The present disclosure discloses a Liquid Cornea composition comprising: at least one polymer; an antifibrinolytic agent; decellularized extracellular matrix; human corneal cell suspension; at least one extracellular matrix cross-linker; and calcium chloride (CaCl2). Also provided is a method for preparing the liquid cornea composition. The present disclosure also discloses a process for obtaining the decellularized extracellular matrix.

Description

A LIQUID CORNEA COMPOSITION
FIELD OF INVENTION
[001] The present disclosure relates to the field of biological hydrogels in general and corneal hydrogels in particular. There is provided a Liquid Cornea composition for biomedical application.
BACKGROUND OF INVENTION
[002] The organ eye in an organism represent the visual system and performs various photo sensory functions.
[003] The cornea is the outermost layer of the eye appearing as a transparent membrane- like tissue.
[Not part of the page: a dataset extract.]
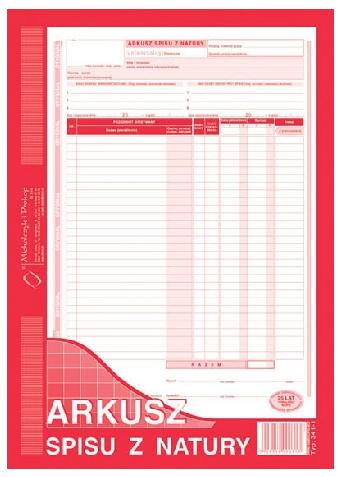 Arkusz spisu z natury A4

The primary function of the cornea is to help focus vision and therefore it plays an important role in sight. Although it appears to possess a simplified tissue structure, this tissue is comprised of multiple layers.
[004] The layers of the cornea are sequentially: the epithelium, Bowman’s membrane, Stroma, Descemet's Membrane, and Endothelium. Each of the tissue layers comprise different cell types. The maintenance of this tissue relies on a regular supply of nutrients from tear fluid from the aqueous humour.
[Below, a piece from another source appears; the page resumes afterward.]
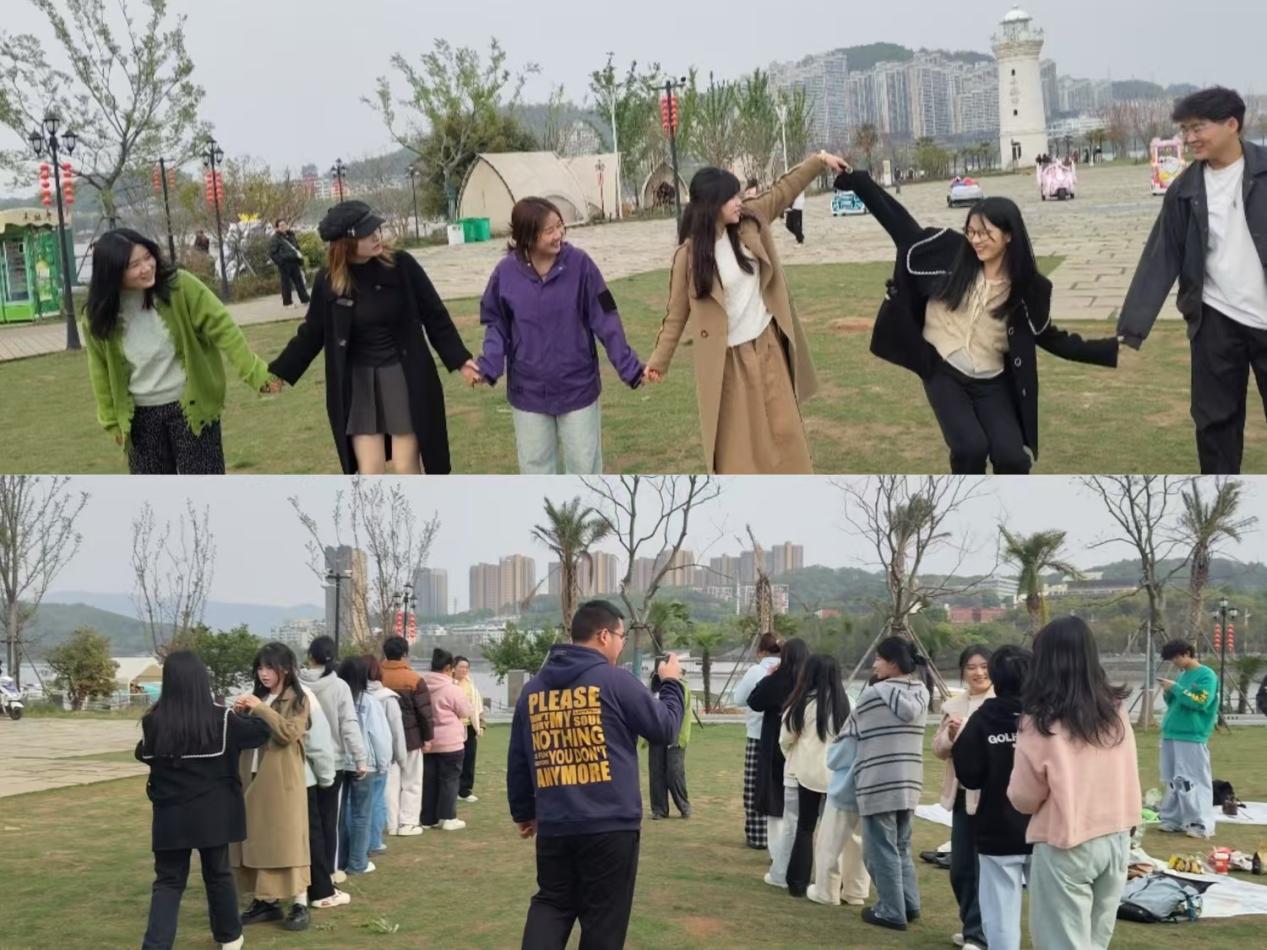 本网消息 阳春三月,草长莺飞。3月30日下午2024级英语1班的同学们在班主任老师的带领下,在未苏湾开展团建活动。本次活动以"凝聚同窗情,共赴青春约"为主题,通过丰富多彩的游戏环节和才艺展示,让同学们在轻松愉快的氛围中增进友谊、收获成长。

[005] The cornea can be affected by trauma, infection and several diseases such as, corneal abrasion, corneal dystrophy, corneal ulcer , corneal neovascularization , Fuchs' dystrophy, keratitis , keratoconus among others. These conditions can lead to temporary or complete blindness and are among the leading causes of blindness in the world.
[006] Some of the commonly used procedures for the treatment of corneal diseases include laser surgery, corneal transplant surgery, anterior lamellar keratoplasty, endothelial lamellar keratoplasty, and the use of artificial corneas. These treatments involve the replacement of a part or whole of the cornea. The healing of the cornea after these treatments is often compromised and thus, research is on-going to find better and effective alternatives.
SUMMARY OF INVENTION
[007] In an aspect of the present disclosure, there is provided a Liquid Cornea composition comprising: (a) at least one polymer; (b) an antifibrinolytic agent; (c) decellularized extracellular matrix; (d) human corneal cell suspension; (e) at least one extracellular matrix cross-linker; and (f) calcium chloride (CaCL).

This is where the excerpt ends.